## HOW TO COMPLETE THIS TASK:
From the first line down to the one containing "讲课结束后,所有儿童每5人分", reproduce the entries below exactly and leave out the pictures.

SOURCE RECORDS Block Start

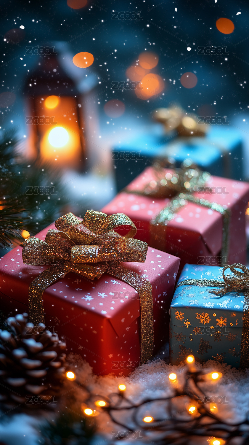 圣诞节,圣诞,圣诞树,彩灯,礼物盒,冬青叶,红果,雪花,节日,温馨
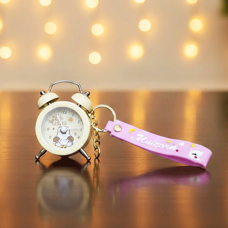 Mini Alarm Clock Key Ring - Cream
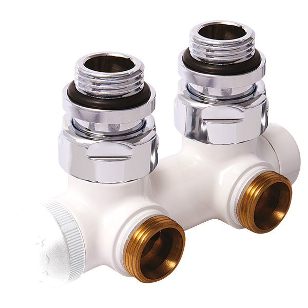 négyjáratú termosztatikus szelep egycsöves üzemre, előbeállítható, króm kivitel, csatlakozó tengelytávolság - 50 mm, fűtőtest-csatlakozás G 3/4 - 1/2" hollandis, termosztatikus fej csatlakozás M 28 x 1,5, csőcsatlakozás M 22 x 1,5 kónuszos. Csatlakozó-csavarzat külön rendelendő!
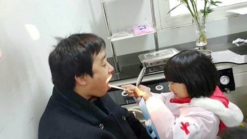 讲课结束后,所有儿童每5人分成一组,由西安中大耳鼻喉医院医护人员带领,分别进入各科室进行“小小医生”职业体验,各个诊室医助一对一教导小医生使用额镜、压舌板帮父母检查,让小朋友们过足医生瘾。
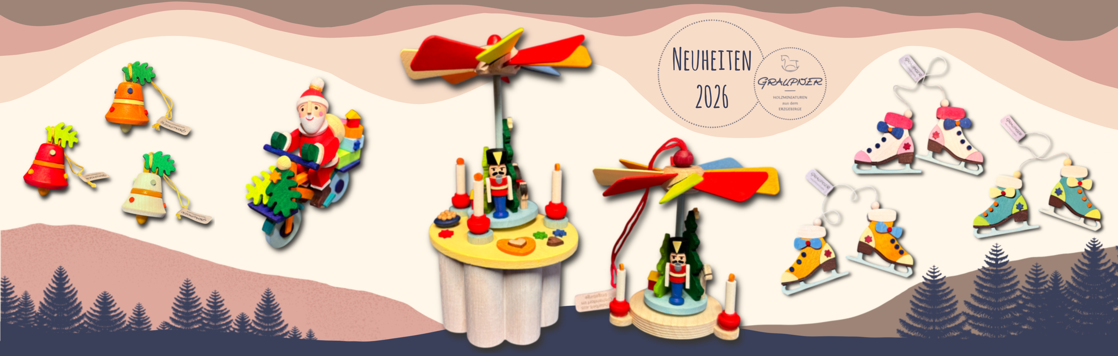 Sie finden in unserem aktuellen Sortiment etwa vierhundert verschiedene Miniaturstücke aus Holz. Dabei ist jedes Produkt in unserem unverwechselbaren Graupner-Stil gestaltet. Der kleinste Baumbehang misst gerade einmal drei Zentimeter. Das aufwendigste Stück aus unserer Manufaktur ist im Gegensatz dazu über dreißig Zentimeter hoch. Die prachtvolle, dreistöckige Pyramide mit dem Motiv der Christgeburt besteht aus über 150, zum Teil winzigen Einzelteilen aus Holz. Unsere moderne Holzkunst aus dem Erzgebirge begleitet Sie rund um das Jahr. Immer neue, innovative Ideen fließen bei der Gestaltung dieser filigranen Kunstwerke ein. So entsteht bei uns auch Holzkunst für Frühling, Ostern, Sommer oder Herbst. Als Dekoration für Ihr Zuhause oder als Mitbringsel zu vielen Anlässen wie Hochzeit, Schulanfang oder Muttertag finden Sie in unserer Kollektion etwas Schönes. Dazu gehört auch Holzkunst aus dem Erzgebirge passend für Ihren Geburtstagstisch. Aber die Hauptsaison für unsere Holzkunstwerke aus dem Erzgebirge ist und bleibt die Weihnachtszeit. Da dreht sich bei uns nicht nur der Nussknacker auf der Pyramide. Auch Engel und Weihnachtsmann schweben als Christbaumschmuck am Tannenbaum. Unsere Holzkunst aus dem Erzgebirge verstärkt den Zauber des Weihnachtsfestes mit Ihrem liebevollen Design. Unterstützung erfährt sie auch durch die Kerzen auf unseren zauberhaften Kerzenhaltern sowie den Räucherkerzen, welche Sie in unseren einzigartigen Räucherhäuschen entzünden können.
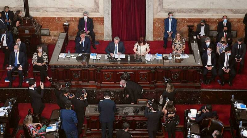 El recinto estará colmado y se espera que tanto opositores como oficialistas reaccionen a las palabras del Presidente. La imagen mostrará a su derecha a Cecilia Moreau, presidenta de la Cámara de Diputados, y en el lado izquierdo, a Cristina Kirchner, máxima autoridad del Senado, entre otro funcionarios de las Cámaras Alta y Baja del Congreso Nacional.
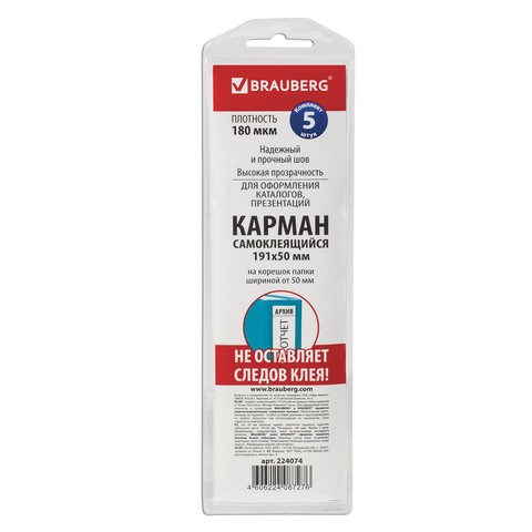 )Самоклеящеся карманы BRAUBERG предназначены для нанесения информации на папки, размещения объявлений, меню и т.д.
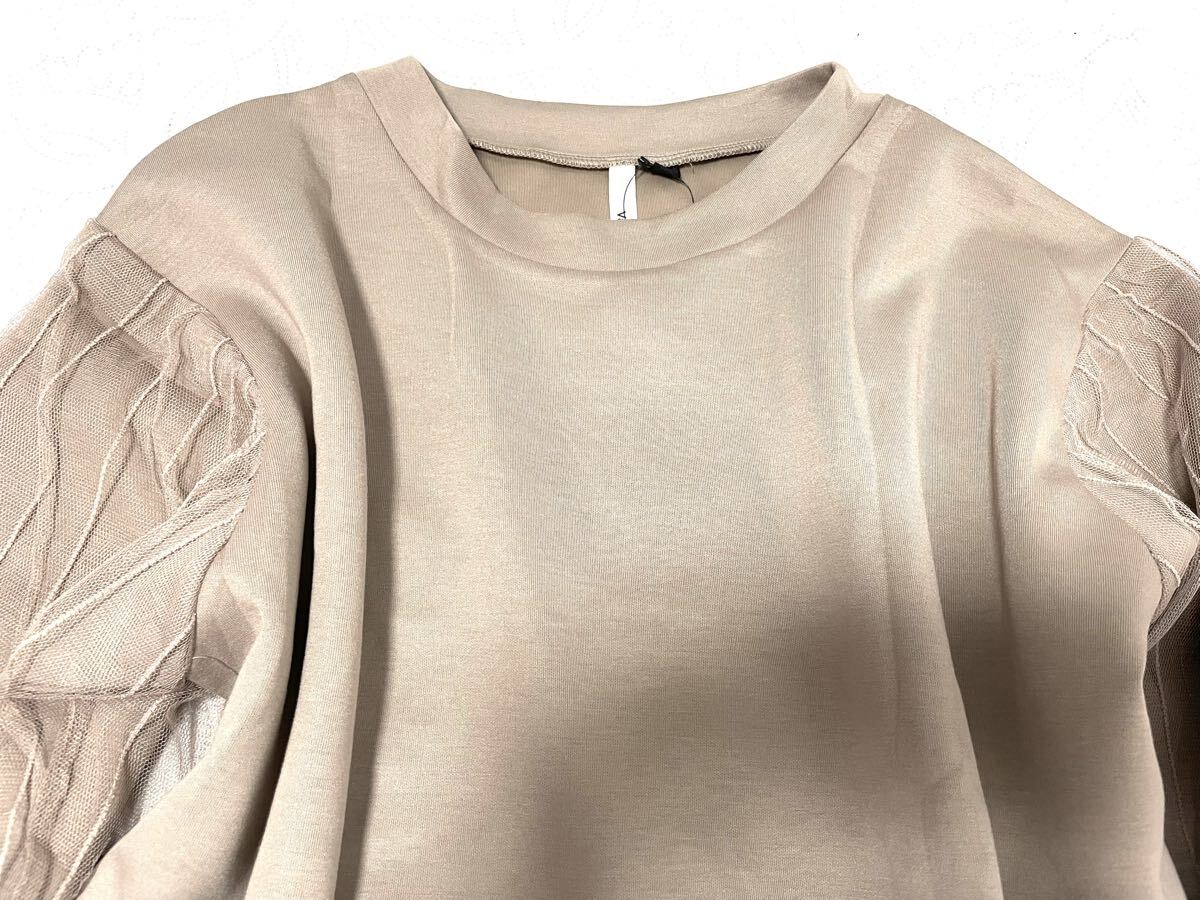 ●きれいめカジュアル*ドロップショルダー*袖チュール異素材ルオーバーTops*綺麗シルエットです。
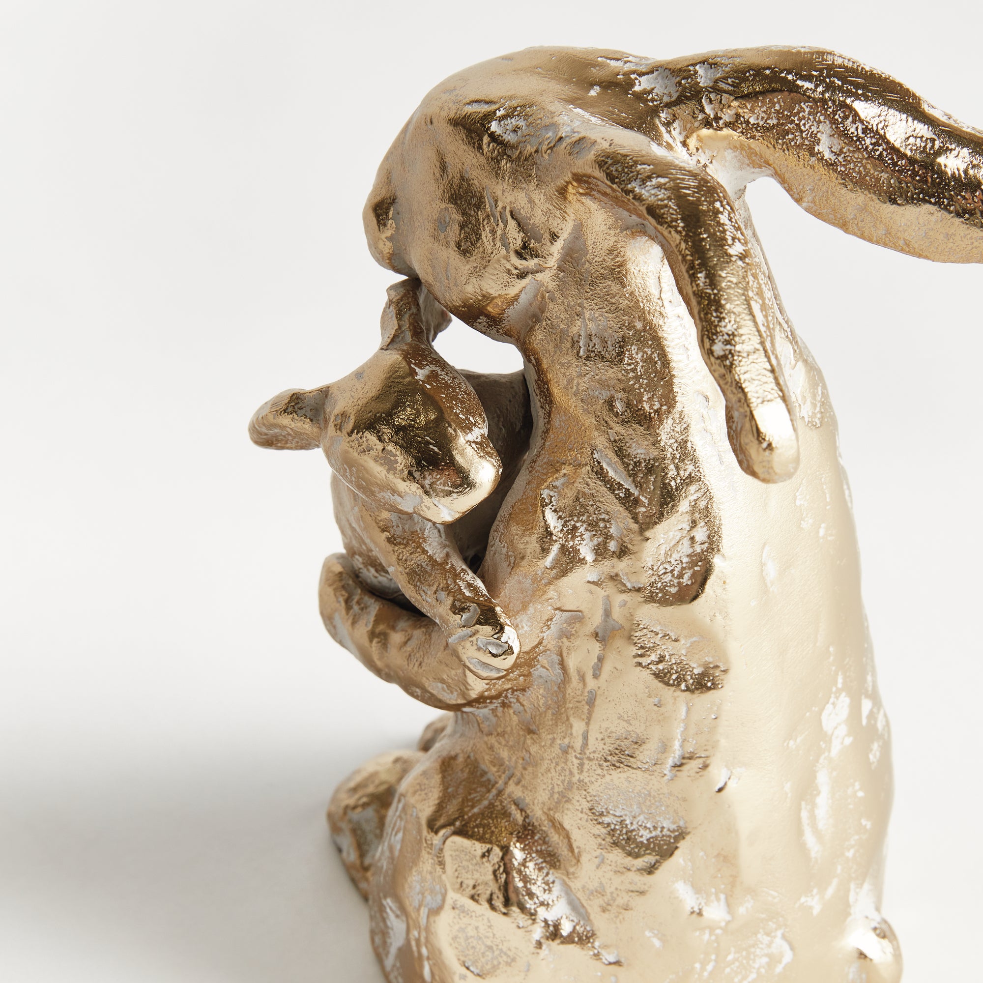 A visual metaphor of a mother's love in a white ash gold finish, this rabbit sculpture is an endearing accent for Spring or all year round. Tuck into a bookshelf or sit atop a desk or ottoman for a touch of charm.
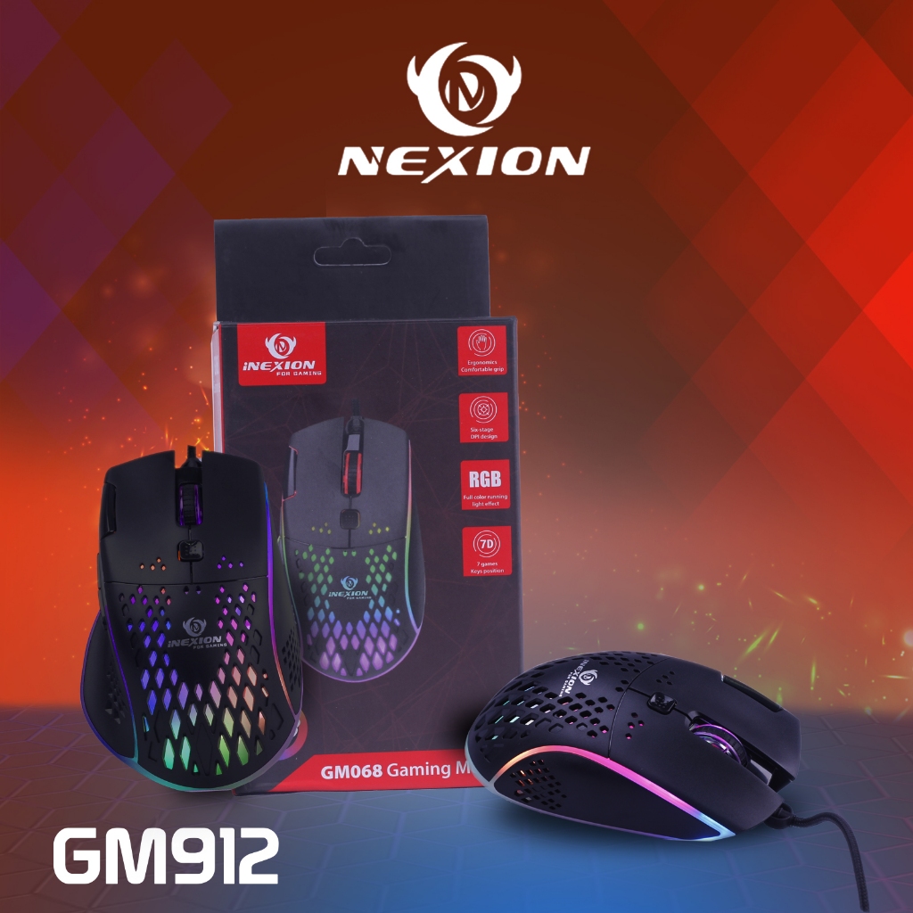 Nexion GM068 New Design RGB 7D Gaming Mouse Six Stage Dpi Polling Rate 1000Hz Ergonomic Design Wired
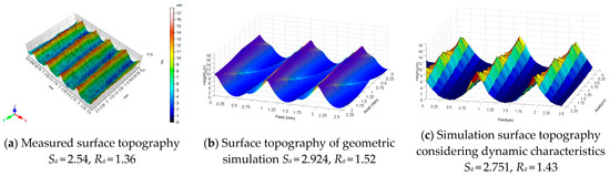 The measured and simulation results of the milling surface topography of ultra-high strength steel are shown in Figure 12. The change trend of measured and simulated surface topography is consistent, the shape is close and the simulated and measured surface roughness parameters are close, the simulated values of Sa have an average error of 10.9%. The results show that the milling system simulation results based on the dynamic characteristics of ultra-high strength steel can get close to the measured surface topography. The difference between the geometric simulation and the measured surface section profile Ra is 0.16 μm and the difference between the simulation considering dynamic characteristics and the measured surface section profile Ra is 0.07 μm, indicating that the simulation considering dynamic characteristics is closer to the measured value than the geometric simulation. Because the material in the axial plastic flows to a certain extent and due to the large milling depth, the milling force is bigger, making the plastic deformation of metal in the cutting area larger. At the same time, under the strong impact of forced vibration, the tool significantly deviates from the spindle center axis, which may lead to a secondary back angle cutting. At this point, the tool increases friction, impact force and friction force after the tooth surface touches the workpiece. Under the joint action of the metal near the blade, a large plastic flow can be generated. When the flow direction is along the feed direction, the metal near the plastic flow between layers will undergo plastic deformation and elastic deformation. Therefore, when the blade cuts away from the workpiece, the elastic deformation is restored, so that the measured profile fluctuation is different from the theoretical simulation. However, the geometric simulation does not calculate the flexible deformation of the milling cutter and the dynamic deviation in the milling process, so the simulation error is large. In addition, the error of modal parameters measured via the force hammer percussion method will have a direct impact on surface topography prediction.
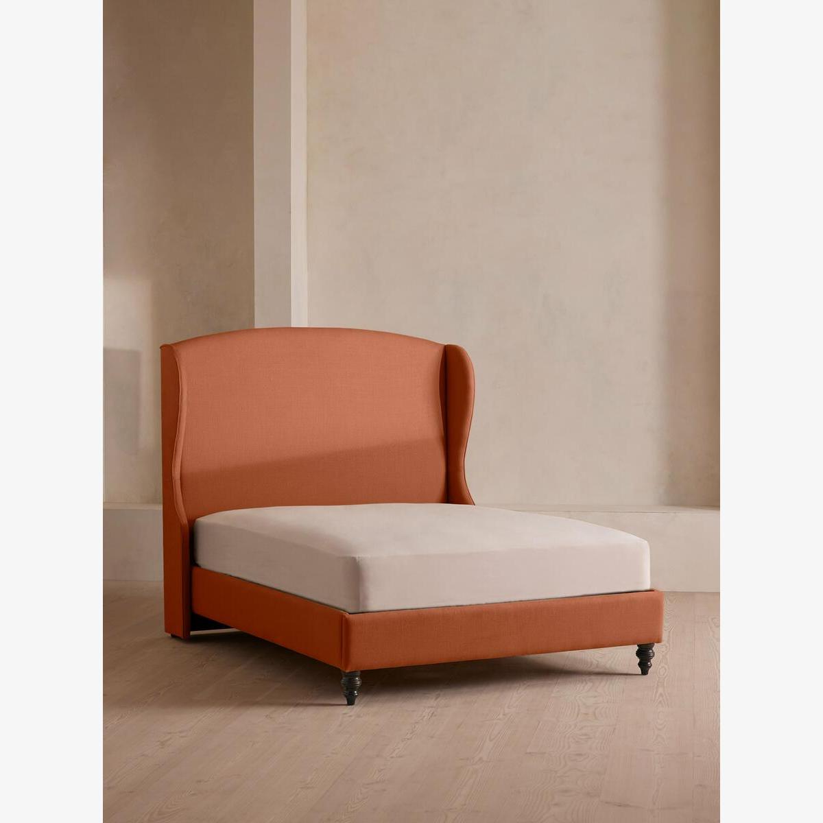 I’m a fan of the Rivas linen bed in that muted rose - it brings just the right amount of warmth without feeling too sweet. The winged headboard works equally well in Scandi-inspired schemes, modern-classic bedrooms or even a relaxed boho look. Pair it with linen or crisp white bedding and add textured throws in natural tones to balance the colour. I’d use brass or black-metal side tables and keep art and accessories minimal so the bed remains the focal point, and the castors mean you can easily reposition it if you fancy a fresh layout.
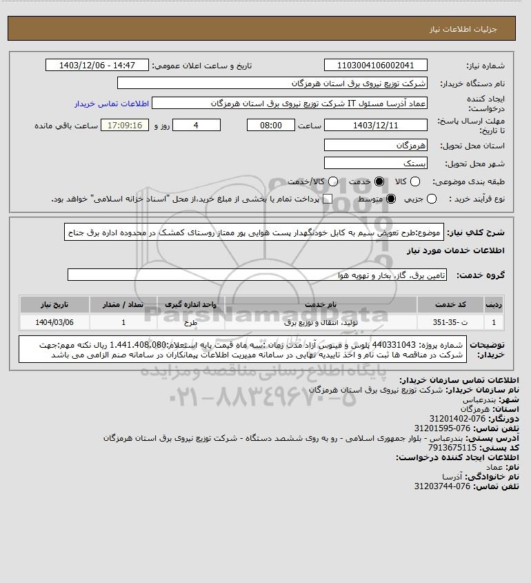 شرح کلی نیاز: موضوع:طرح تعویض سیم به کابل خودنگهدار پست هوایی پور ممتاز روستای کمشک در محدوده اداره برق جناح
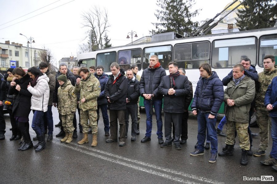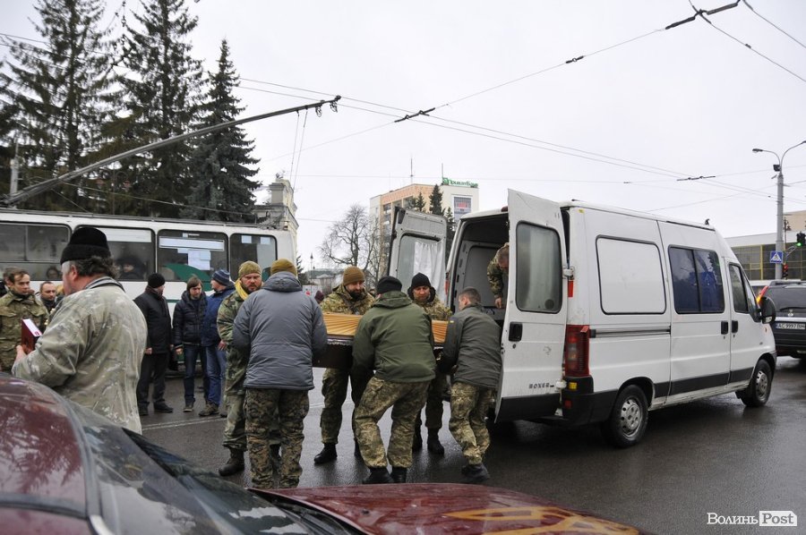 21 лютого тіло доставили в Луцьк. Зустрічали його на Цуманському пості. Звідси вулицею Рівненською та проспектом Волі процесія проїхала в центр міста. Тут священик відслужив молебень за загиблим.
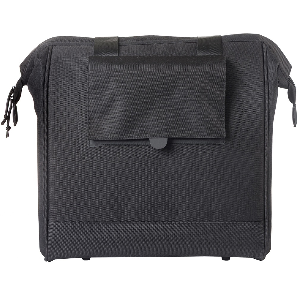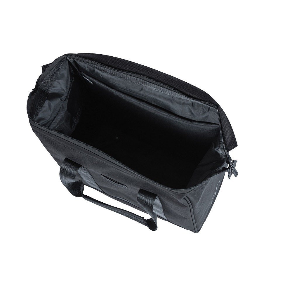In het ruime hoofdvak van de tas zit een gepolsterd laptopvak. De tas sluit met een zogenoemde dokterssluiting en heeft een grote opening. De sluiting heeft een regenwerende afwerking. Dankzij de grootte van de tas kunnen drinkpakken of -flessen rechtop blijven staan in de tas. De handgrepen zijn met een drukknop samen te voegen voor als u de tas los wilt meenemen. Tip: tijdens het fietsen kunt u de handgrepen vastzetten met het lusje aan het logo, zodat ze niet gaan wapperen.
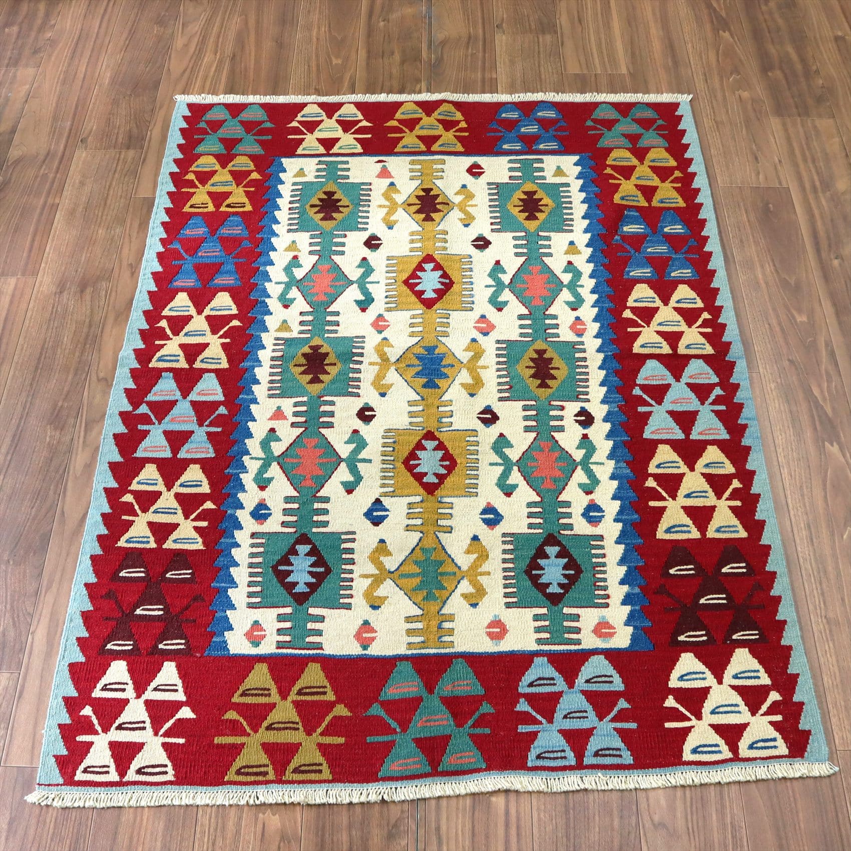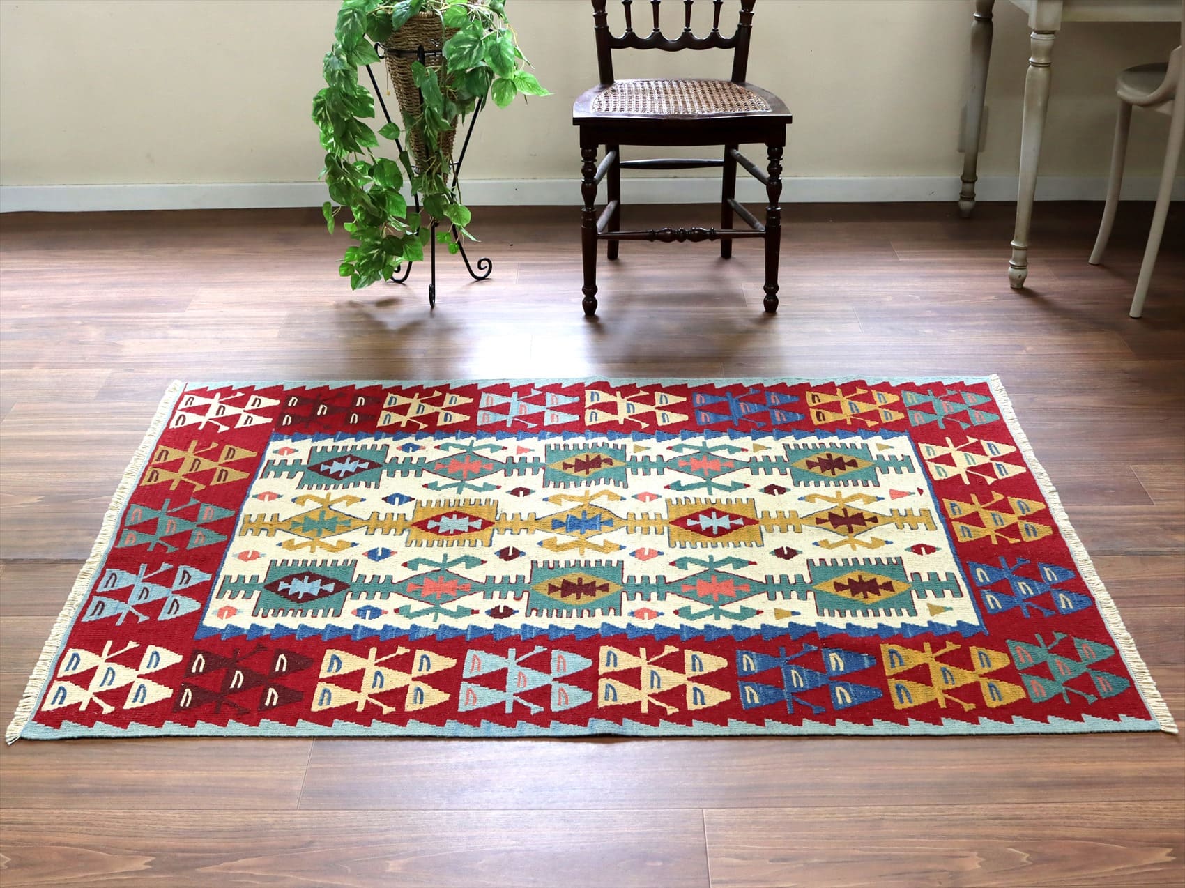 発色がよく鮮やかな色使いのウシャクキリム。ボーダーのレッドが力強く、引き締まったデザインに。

SOURCE RECORDS Block End

## YOUR SOLUTION:
 圣诞节,圣诞,圣诞树,彩灯,礼物盒,冬青叶,红果,雪花,节日,温馨
 Mini Alarm Clock Key Ring - Cream
 négyjáratú termosztatikus szelep egycsöves üzemre, előbeállítható, króm kivitel, csatlakozó tengelytávolság - 50 mm, fűtőtest-csatlakozás G 3/4 - 1/2" hollandis, termosztatikus fej csatlakozás M 28 x 1,5, csőcsatlakozás M 22 x 1,5 kónuszos. Csatlakozó-csavarzat külön rendelendő!
 讲课结束后,所有儿童每5人分成一组,由西安中大耳鼻喉医院医护人员带领,分别进入各科室进行“小小医生”职业体验,各个诊室医助一对一教导小医生使用额镜、压舌板帮父母检查,让小朋友们过足医生瘾。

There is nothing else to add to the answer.